## Goal of the exercise:
Lines to restate from the data below: from the one containing "Always Feminine Pads" to the one containing "The maternal mortality", both included. Give them again exactly, and only them.

## Record set:
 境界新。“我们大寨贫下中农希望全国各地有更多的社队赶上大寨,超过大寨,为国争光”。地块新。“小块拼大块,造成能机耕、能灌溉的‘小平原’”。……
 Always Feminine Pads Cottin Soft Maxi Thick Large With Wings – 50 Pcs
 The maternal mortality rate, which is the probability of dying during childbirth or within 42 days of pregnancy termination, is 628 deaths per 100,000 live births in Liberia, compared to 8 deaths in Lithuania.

* * *

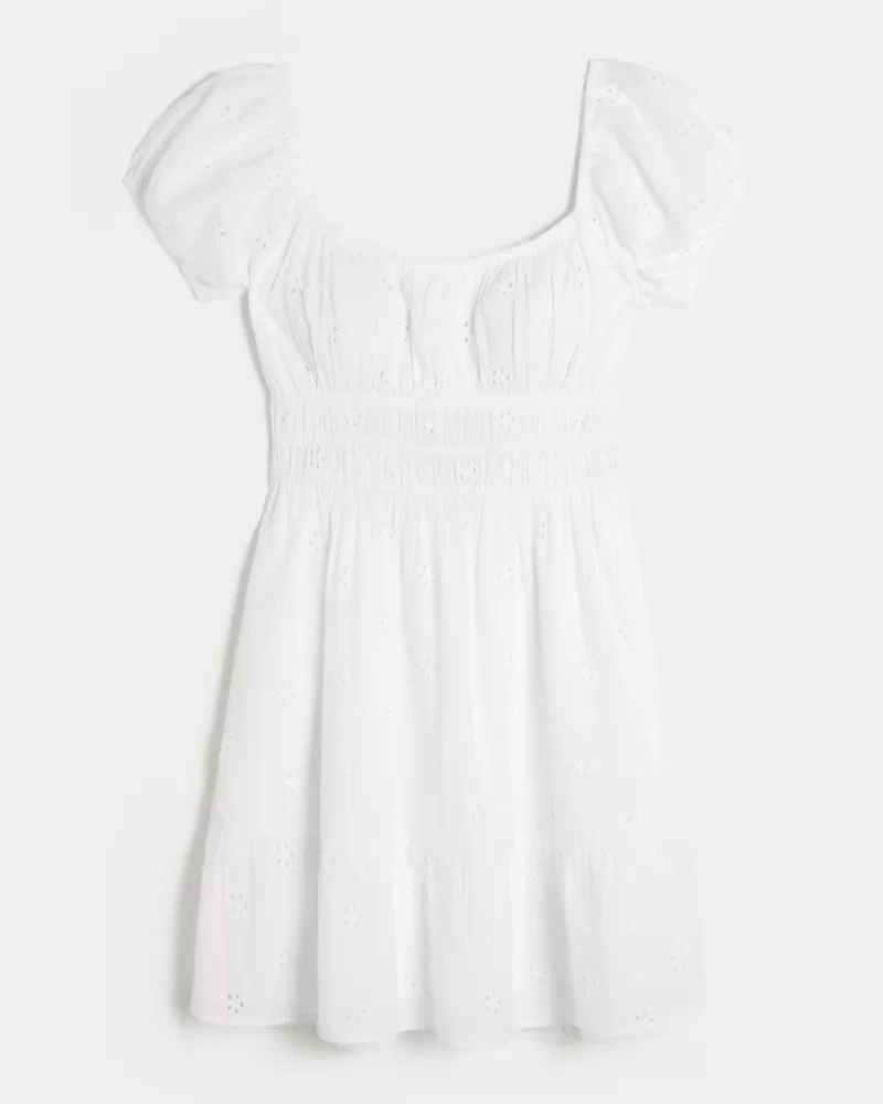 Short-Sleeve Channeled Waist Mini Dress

--

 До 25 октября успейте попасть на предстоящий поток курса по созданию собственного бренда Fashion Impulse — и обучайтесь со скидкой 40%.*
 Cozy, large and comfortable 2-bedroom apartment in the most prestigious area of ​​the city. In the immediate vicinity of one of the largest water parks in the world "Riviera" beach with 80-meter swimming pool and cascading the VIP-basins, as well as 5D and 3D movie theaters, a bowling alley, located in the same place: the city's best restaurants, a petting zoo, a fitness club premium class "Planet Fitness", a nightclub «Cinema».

## Written response:
 Always Feminine Pads Cottin Soft Maxi Thick Large With Wings – 50 Pcs
 The maternal mortality rate, which is the probability of dying during childbirth or within 42 days of pregnancy termination, is 628 deaths per 100,000 live births in Liberia, compared to 8 deaths in Lithuania.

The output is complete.